Dodging the rain

I didn’t sleep that well the first night. There was quite some noise from the Sidreria next door which I actually didn’t mind but it kept me from sleeping properly for a bit. Then around two or three in the morning the strong smell of freshly baked croissants and later warm chocolate wafted through our open window from the Chocolatería downstairs. It was lush but not when you’re trying to sleep.

Chilled a bit with my book in the morning and eventually woke Rich to go out for food. Found one of the restaurants and had a large coffee and small sandwich each. Then back at the hotel we slipped into our wet gear and left for Arriondas.

It was overcast and threatening with more rain so we chose a road just skirting the Picos foothills instead of going right in. Turned out to be a good choice. Very nice twisty road with a few wet patches here and there but so far no rain. Very green hills, beautiful small villages and those wooden granaries on stilts that are so typical for the area.

Wooden granary on stilts
First leg

Arrived in Arriondas just before midday, parked up and walked around for a bit before settling for a cafe con leche and fresh orange juice at one of the restaurants.


Decided to take a punt and leave the wet kit in the top box for the next leg which was only 15mins to the Mirador del Fito, a viewpoint with mountains and sea. Supposedly… as all we could see were some lower hills through the low cloud.

Hardly a view, still happy having ridden a fantastic road up here.
A glimpse of the AS-260
Must be stunning up here in good weather

Next leg took us to Lastres. Still no rain despite some threatening clouds. Lucky us. The sun even came out now. Found a restaurant that was open and shared a spaghetti with mushrooms not repeating the same mistake of ordering too much food.

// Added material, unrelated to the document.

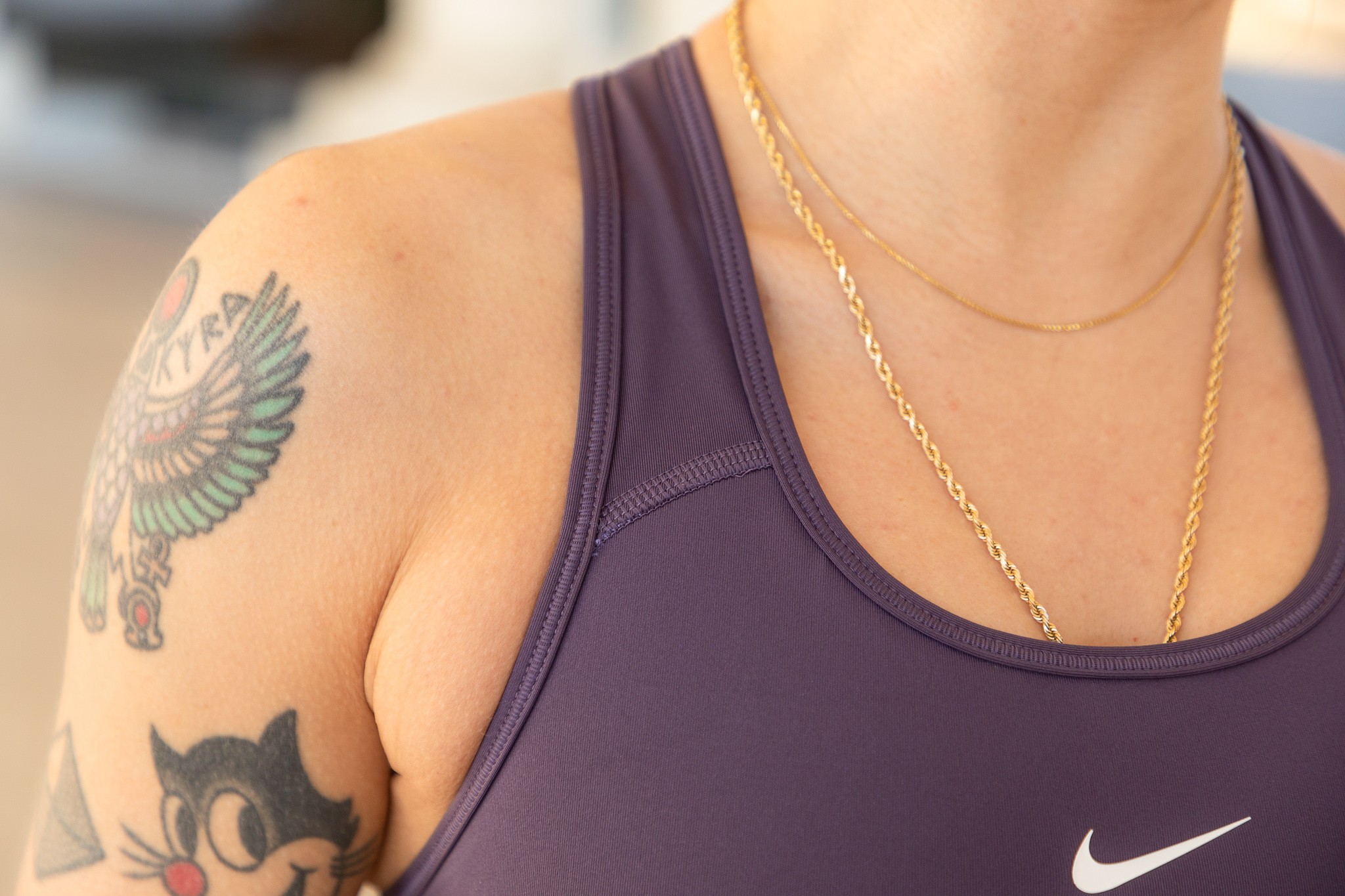 We found the compression of the Nike Swoosh comfortable and great for most medium-intensity workouts at the gym or outdoors. The waistband is firm without being constricting. Our testers found it was comfortable for mountaineering, CrossFit, and biking. The snug fit can feel confining for some women in activities with deep breathing and mobility, like yoga. While the bra generally runs small, some women choose a snugger fit for more compression. The wide waistband adds to the support and doesn't roll or lose its elasticity mid-workout. The bra fabric stays snug against the body for the most part, with a slight but comfortable, relaxed fit around the armpits. The strap bands are wide, comfortable, and don't cut into the shoulders. Women with larger chests may want a bra with more encapsulation for HIIT or running.

Headed up to another viewpoint and this time with much less disappointment. Stunning views down to Lastres and down the coast with a now much more visible backdrop of the Picos.

Leg 2: Arriondas to Lastres
Best view of the day

It was 3pm now and the thundery showers where forecast for 4pm onwards so we took the tourist route home on a really nice bendy road with hardly any traffic, back in Llanes quarter past four.

Leg 3: Lastres to Llanes

As we parked up we were approached by two Brits travelling in their camper who walked past and started a chat with us. Very nice couple from Lincoln interested in our journey as much as happy to share theirs.

Quick change of clothes and out again to make the best of the sunshine. Had some ice cream and a walk up another viewpoint, the Mirador de San Pedro.

There’s always room for ice cream
Llanes, coast, Picos

Then back into town hunting for a nice spot for some drinks. Found a really nice one shortly after and our two new acquaintances already there. Joined them for a bit chatting more about each others travels. Had another drink whilst they moved on in the rain that had set in by now.

More Llanes
Basílica de Santa María del Concejo

Then back to the hotel to put on some warmer clothes and have a little chill. Before we knew it we both dozed off for a good half an hour or so then slightly reluctantly got up again to go find some food. It was already quarter past eight, but that’s still early for dinner in Spain. Yet the more central restaurants were already bustling and whilst Thursday night had seemed rather quiet, Friday night was definitely much more lively.

We found the restaurant the bikers head recommended last night which was next to “our” Sidreria. We were the first guests and I somewhat managed to order three dishes to share between us after asking how big each was and how many the waiter recommended to have. He was very patient and friendly whilst I stammered in my rudimentary Spanish. Yet we somehow got the food we wanted in the end.

We were keen on trying Asturian food so had the famed fabadas, a white bean dish with chorizo, blood sausage and other bits of pork. The white bean is different than the ones I know, much softer and almost creamy. A richly flavoured dish, perfect for a rainy day which it had become in the last couple of hours.


Rich chose cachopo which is a bit of a schnitzel X cordon bleu. Ham and local cheese between two thin slices of veal. To finish we had ibérico pork steaks which were amazing. Halfway between pork and wild boar. According to Rich the best pork he ever had.

Happy and bellies full we walked back to the hotel just as pretty much every table was now occupied at half nine in the evening.

83 miles round trip today. My touring app played up so apologies for the Google maps screenshots above.